Mel wrote extensively about the ways in which Canada was failing its citizens, and the ways in which it could be stronger. His books landed on the bestseller lists each time he released a new one.
Right up until his death at the age of 84, he studied academic reports, journals, newspapers and Statistics Canada reports daily, and was more convinced than ever that the great number of foreign corporate takeovers of our companies and resource sectors posed an almost insurmountable threat to our sovereignty and our ability to govern ourselves.

But within all of those books, he also provided answers.
Among a long list of rallying cries, he saw the importance of democratic reform that would usher in modified proportional representation, and an end to political patronage.
He wrote about economic strength by ending the growth of foreign ownership and foreign control in Canada (some of the highest in the OECD nations) and the creation of a true common market within Canada.
He sought tax changes that would reduce taxes for individuals and families while increasing taxes for large corporations and the richest one per cent.
He argued for the importance of attacking poverty in Canada by creating better employment opportunities (by investing in industry here instead of selling opportunities away), by decreasing the cost of post-secondary, and student loans, and by providing more assistance to children, seniors, single parents and families living in poverty.
He argued for long overdue economic and social justice for First Nations and meaningful environmental assessments of government policies and new projects including private sector developments.
He called for an end to NAFTA, so Canadians could conserve and control their own resources.

An unimaginable new reality
My father died in August 2016. He died believing that America was about to elect its first woman president. He couldn’t imagine that Donald Trump would win the election that fall. He thought, surely, that Americans would see through his lies and his bravado.
He died on the same day the Liberals announced an Inquiry into Missing and Murdered Indigenous Women and Girls. He said, even that morning, he was “cautiously optimistic” about the new Trudeau government that led Canada.
Over the past eight years, there are aspects of my nationalism that have rightly eroded as a result of the Truth and Reconciliation process.
What I have learned made it difficult for me to proudly fly the Canadian flag and sing the national anthem at events. It’s been years since I’ve celebrated July 1.
Many Canadians might argue with me about the usefulness of my boycott, but I wasn’t holding back just in protest, I was holding back because it no longer felt relevant to wave a flag that represented a painful truth about the land we live upon. The promise of a utopic government that would follow all of Sen.
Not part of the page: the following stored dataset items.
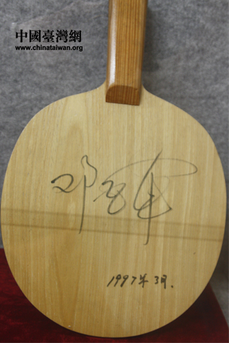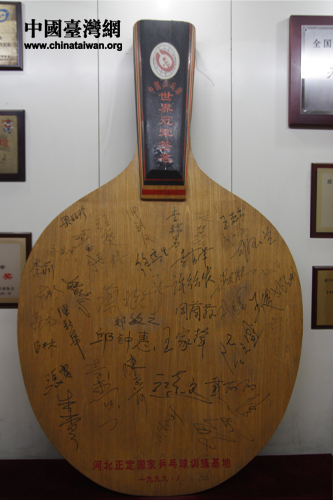 正定國家乒乓球訓(xùn)練基地內(nèi)展出寫有鄧亞萍簽名的乒乓球拍。(中國臺灣網(wǎng) 焦源源 攝)
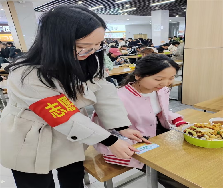 活动过程中,教工党支部充分发挥先锋模范作用,将志愿服务与育人实践相结合。在督导之余,教师党员还与食堂工作人员深入沟通,了解餐饮管理流程及学生用餐偏好,为进一步优化校园餐饮服务建言献策。学院党总支书记王春柳表示:“这次活动不仅是弘扬雷锋精神的实践,更是一次生动的劳动教育课。通过与学生面对面交流,我们感受到了新时代青年对文明风尚的认同,也更加坚定了党员服务师生的责任担当。”
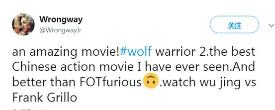 “战狼2电影太赞了,是我看过最好的中国动作片,比速度与激情好看多了。快看吴京和Frank Grillo对打”

Murray Sinclair’s Truth and Reconciliation Commission recommendations was too good to be true.
But now, there is a new Canadian surge of pride rising. We are talking about buying Canadian, boycotting travel to the States, and asking ourselves how we became so reliant on America in the first place. Journalists and pundits have been discussing economic solutions to the dependence we’ve built up over the past 40 years.
I want to find every copy of The Betrayal of Canada, The Vanishing Country and A New and Better Canada, my father’s books, to place in the hands of Canadians who are asking, what can we do? It’s all there. The stats might need updating, but the plans are there.
We must shake ourselves out of this frozen state we’re in and organize. Over the past eight years, I have mumbled more times than I can count, I’m glad my dad is not alive to see this.
But oh, we need him now. Mel did not shy away from Canada’s flaws. He waved the flag proudly because he saw our potential.
This is not about Canada being the best country in the world. It’s not about ignoring our flaws and flying the flag with blind bravado.
It’s about embracing the promise of what we could be. It’s about recognizing what we stand to lose if we let our sovereignty slip away.